Posted by rtmsf on January 8th, 2010

Glenn Junkert of Grizzly Journal is the RTC correspondent for the Big Sky Conference.

Standings (records are CONF/ALL/STREAK)

  1. Portland State (2-0/7-7/W2)  Vikings lead the Big Sky in scoring offense at 79.4. Can any team in this defense-oriented league slow them down?   
  2. Northern Colorado (3-1/14-3/W4)   Senior guard Yahosh Bonner leading the Bears with iron-trap defense… usually against each opponent’s top scoring guard.    
  3. Montana State (3-1/8-6/W1)  The Cats are taking care of the ball on offense… and just winning.
  4. Weber State (3-1/9-7/W2)  Sophomore point guard Damian Lillard best in the Big Sky so far.
  5. Eastern Washington (1-1/5-10/W-1)  Speedy frosh guard Glen Dean stepping up as scorer and playmaker for Eagles.   
  6. Montana (1-3/10-6/L2)  Junior 6’11 post Brian Qvale starting to dominate key on both ends of floor (6.1 rebounds per game and 2.0 blocks per game average)   
  7. Northern Arizona (1-3/7-8/L1)  Junior guard Cameron Jones scores 26 in Jacks’ first Big Sky win.  
  8. Sacramento State (1-3/6-10/L3) Sac State junior guard Sultan Toles-Bey making strides at point for Hornets.   
  9. Idaho State (1-3/4-12/L1)  Amorrow Morgan leads conference in minutes played (35.1), carrying Bengals on offense (17.0 per game).


Northern Colorado Bears jumped to 16th in this week’s College Insider Mid Major top 25 poll with 249 votes, up from 23rd last week.
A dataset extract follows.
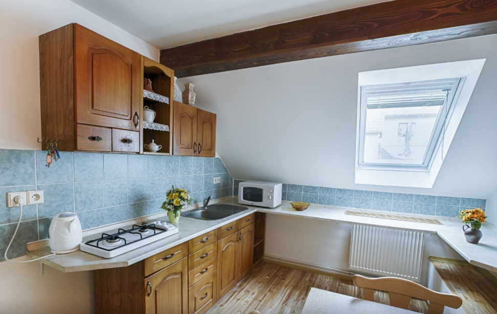 Každý apartmán má vlastní vybavenou kuchyni s lednicí, mikrovlnnou troubou, sporákem, varnou konvicí, hrnci i nádobím. Samozřejmostí je také sociální zařízení a vlastní vchod. V celém objektu se bez problémů připojíte k internetu díky Wi-Fi.

The Bears are the lone Big Sky team to receive votes.


HOT — The Montana State Bobcats and the Northern Colorado Bears – at 3-1 and tied for second going into the third week of conference play – can move into a tie for first with home floor sweeps this weekend. The Bears and Bobcats have already notched important road wins and both are poised to build some early separation in the standings.

NOT — Already at 1-3 in conference play, the Idaho State Bengals and Montana Grizzlies – both pre-season picks to contend – have each suffered home-court losses and are mired in a four-team bottom-tier throng with Northern Arizona and Sacramento State. What’s worse for Montana: the Bengals’ lone win was a last-second stunner over the Grizzlies in Pocatello. Montana then traveled to Ogden and – after leading through much of the second half – lost in the final minute at Weber State.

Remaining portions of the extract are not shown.